▶ GIVEN INFORMATION
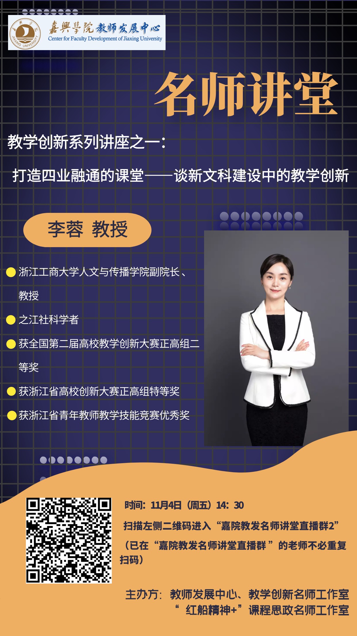 为全面提升教师教学创新能力,也为老师参加第三届“教学创新大赛”校赛提供更多针对性指导,教师发展中心名师讲堂特邀浙江工商大学李蓉教授做专题讲座,现将具体事项通知如下:
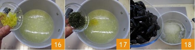 Aromatize com as cascas de limão 16. Adicione a mistura de sálvia, alecrim e tomilho 17, mexendo bem os ingredientes. Finalmente, junte os mexilhões 18.
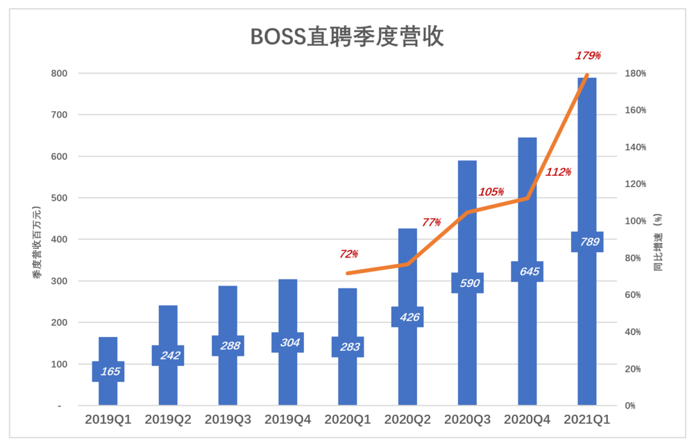2021年BOSS直聘进一步提速,Q1营收7.89亿、同比增长179%(2020年Q1营收2.83亿、同比增长72%)。
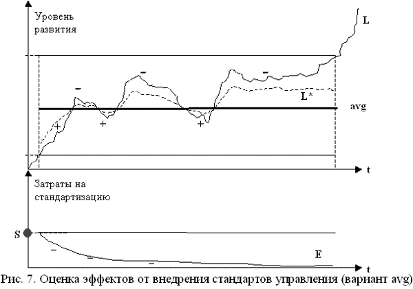 Из рисунка видно, что при установлении максимального для данной эволюционной стадии развития уровня стандарта (вариант а) в целом происходит существенное смещение траектории развития системы управления вверх, при этом достигается положительный эффект. По сути, количественно площадь между двумя кривыми и отражает тот эффект, который получает система управления от внедрения стандарта. В случае с вариантом b, стандарт устанавливается на некотором уровне внутри коридора эволюционного развития системы управления, при этом как видно существуют зоны, где система получает как положительные, так и отрицательные эффекты. В варианте c, действие заниженного стандарта всегда отрицательно сказывается на функционировании системы управления.
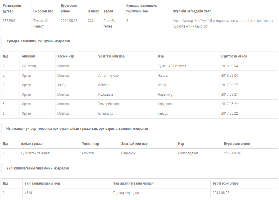 Малчдыг зодож, танхайрсан ажилтнуудтай “Түмэн айл инвест” компанийг танилцуулж байна. Тус компани нь 2014 оны наймдугаар сарын 28-нд Гадаад худалдааны чиглэлээр үйл ажиллагаа явуулахаар Улсын бүртгэлд 5874963 регистрийн дугаараар Улаанбаатар, Хан-Уул, 15-р хороо, махатма ганди, төв цэнгэлдэх хүрээлэнгийн байр 301 тоот хаяг дээр таван хүний эзэмшигчтэйгээр бүртгэгджээ. Тус компанийн хувьцаа эзэмшигчид 2017 оноос солигдож эхэлжээ. Тодруулбал, 2017 оны зургадугаар сарын 22-нд Өлзийсүхийн Гансүх, Төмөрбаатарын Нямдаваа нар хувьцаа эзэмшигчээр бүртгүүлсэн байна. Мөн төд удалгүй буюу гурван сарын дараа есдүгээр сарын 27-нд Ишбадамын Наранхүү, Renhoa Wang гэх хятад иргэн хувьцаа эзэмшигчээр нь нэмж бүртгүүлжээ. Харин 2019 оны есдүгээр сарын 4-нд иргэн Алтанпүүжээгийн Жаргал, хуулийн этгээд Түмэн айл Инвест хувьцаа эзэмшигчээр нэмж бүртгүүлсэн байна. Одоогийн байдлаар тус компанийн гүйцэтгэх захирлаар Баньдхүүгийн Болор-Эрдэнэ гэх эрэгтэй ажилладаг аж..png)
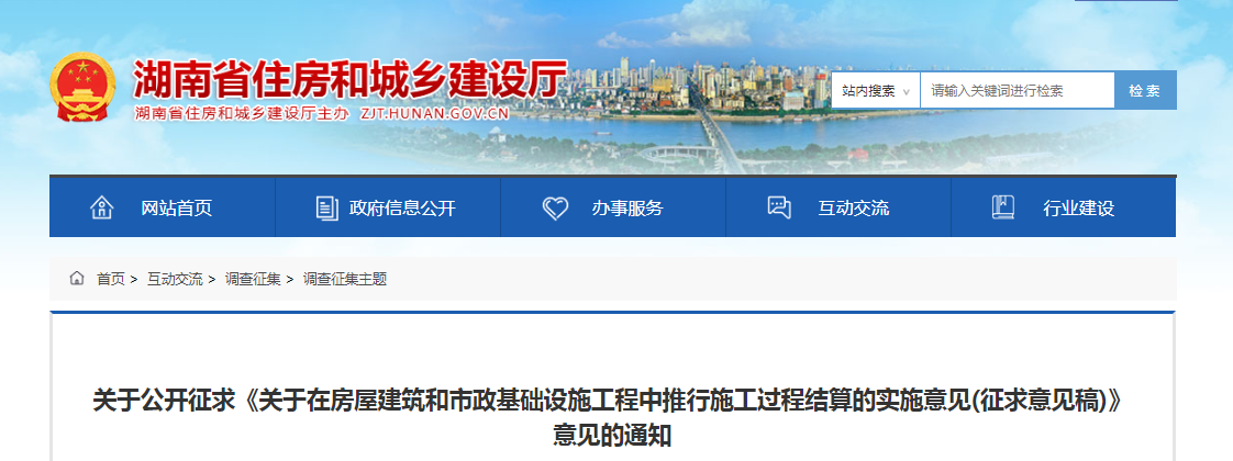 2020年5月28日,湖南省住建廳發布《關于在房屋建筑和市政基礎設施工程中推行施工過程結算的實施意見(征求意見稿)》,在省內房建、市政項目中全面推行施工過程結算。
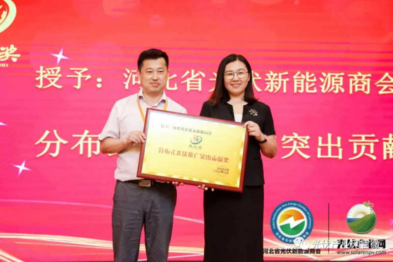 同時(shí),光伏產(chǎn)業(yè)網(wǎng)的總經(jīng)理張健為河北省光伏新能源商會(huì)頒發(fā)了分布式光伏推廣突出貢獻(xiàn)獎(jiǎng)。
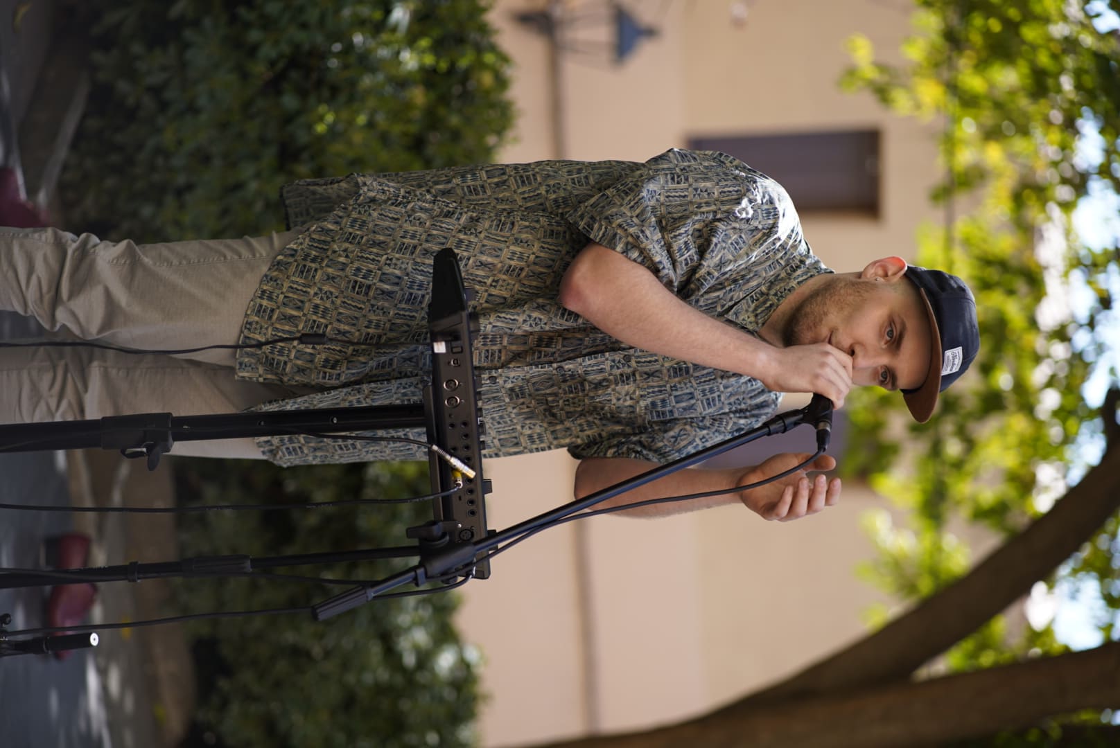 "DoubleTap" es un show donde la danza se improvisa y la música se loopea. El intérprete se mueve entre el tap de las teclas de una loop station y el tap de sus zapatos, explorando diferentes estilos y calidades de movimiento, en contrato tap, body percussion y urban, todo ligado a través de música electrónica original.

▶ TASK
Pictures stay out. Transcribe the lines from the start of the entries above through the line with "Из рисунка видно, что", exactly.

▶ RESULT OF THIS EXERCISE
 为全面提升教师教学创新能力,也为老师参加第三届“教学创新大赛”校赛提供更多针对性指导,教师发展中心名师讲堂特邀浙江工商大学李蓉教授做专题讲座,现将具体事项通知如下:
 Aromatize com as cascas de limão 16. Adicione a mistura de sálvia, alecrim e tomilho 17, mexendo bem os ingredientes. Finalmente, junte os mexilhões 18.
2021年BOSS直聘进一步提速,Q1营收7.89亿、同比增长179%(2020年Q1营收2.83亿、同比增长72%)。
 Из рисунка видно, что при установлении максимального для данной эволюционной стадии развития уровня стандарта (вариант а) в целом происходит существенное смещение траектории развития системы управления вверх, при этом достигается положительный эффект. По сути, количественно площадь между двумя кривыми и отражает тот эффект, который получает система управления от внедрения стандарта. В случае с вариантом b, стандарт устанавливается на некотором уровне внутри коридора эволюционного развития системы управления, при этом как видно существуют зоны, где система получает как положительные, так и отрицательные эффекты. В варианте c, действие заниженного стандарта всегда отрицательно сказывается на функционировании системы управления.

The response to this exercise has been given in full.